YOUR GOAL: Begin at the line that holds "An example (Boutilier&Brafman97)" and copy each line exactly until the data below ends, including that last line but no pictures.

INFORMATION SUPPLIED:

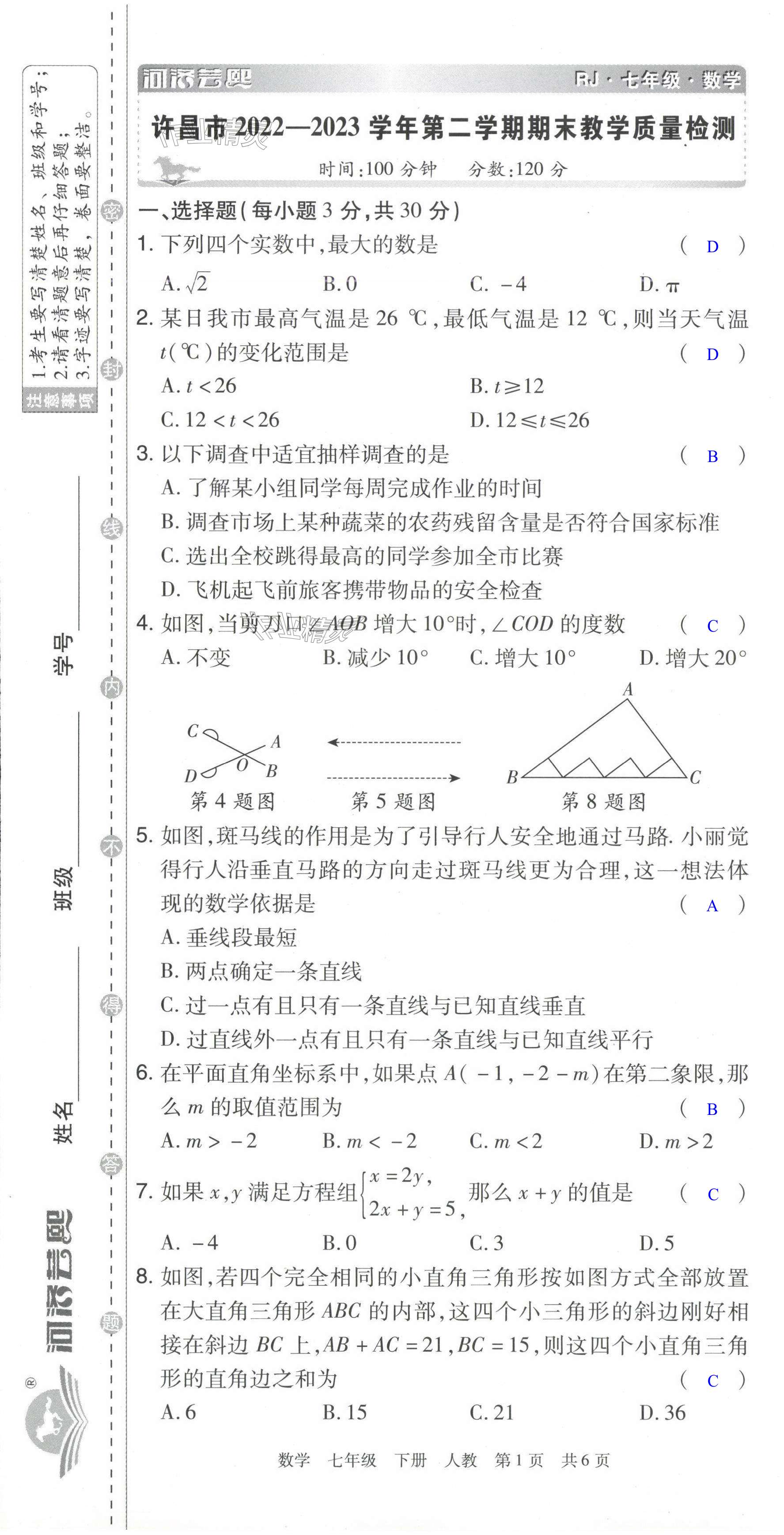 注:目前有些书本章节名称可能整理的还不是很完善,但都是按照顺序排列的,请同学们按照顺序仔细查找。练习册 2024年期末考试必刷卷七年级数学下册人教版河南专版 答案主要是用来给同学们做完题方便对答案用的,请勿直接抄袭。
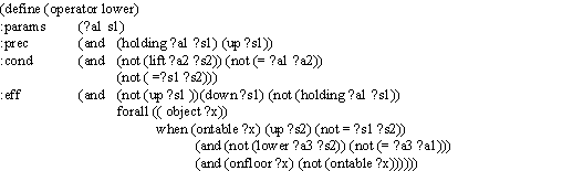 An example (Boutilier&Brafman97) is presented in figure. The precondition is that the agent is holding the side s1 of a table that is raised. There is a non-concurrency condition that no other agent is simultaneously raising the other side of the table. The primary effect is to have the other side of the table down. In addition the conditional effect states that when there is no concurrent lower action of the other side of the table, and there is some object on the table, that object falls to the floor.
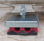Vibro-EP Metal Micro se compose d’un composé de caoutchouc spécial (dimensions 6,25 x 6,25 cm) et d’un revêtement métallique galvanisé spécialement formé. L’intercession du revêtement en acier entre la base de la machine et l’élastique assure la répartition uniforme de la charge sur toute la surface de l’élément élastique. En même temps, le revêtement protège le caoutchouc des rayons UV solaires. Au centre de la partie supérieure du revêtement, un filetage interne M8 est incorporé, qui accepte la vis de fixation correspondante (non incluse). Il existe deux types de caoutchouc à code couleur pour ce produit, en fonction de la charge maximale par fixation (rouge et bleu).

EXERCISE SOLUTION:
 An example (Boutilier&Brafman97) is presented in figure. The precondition is that the agent is holding the side s1 of a table that is raised. There is a non-concurrency condition that no other agent is simultaneously raising the other side of the table. The primary effect is to have the other side of the table down. In addition the conditional effect states that when there is no concurrent lower action of the other side of the table, and there is some object on the table, that object falls to the floor.
Vibro-EP Metal Micro se compose d’un composé de caoutchouc spécial (dimensions 6,25 x 6,25 cm) et d’un revêtement métallique galvanisé spécialement formé. L’intercession du revêtement en acier entre la base de la machine et l’élastique assure la répartition uniforme de la charge sur toute la surface de l’élément élastique. En même temps, le revêtement protège le caoutchouc des rayons UV solaires. Au centre de la partie supérieure du revêtement, un filetage interne M8 est incorporé, qui accepte la vis de fixation correspondante (non incluse). Il existe deux types de caoutchouc à code couleur pour ce produit, en fonction de la charge maximale par fixation (rouge et bleu).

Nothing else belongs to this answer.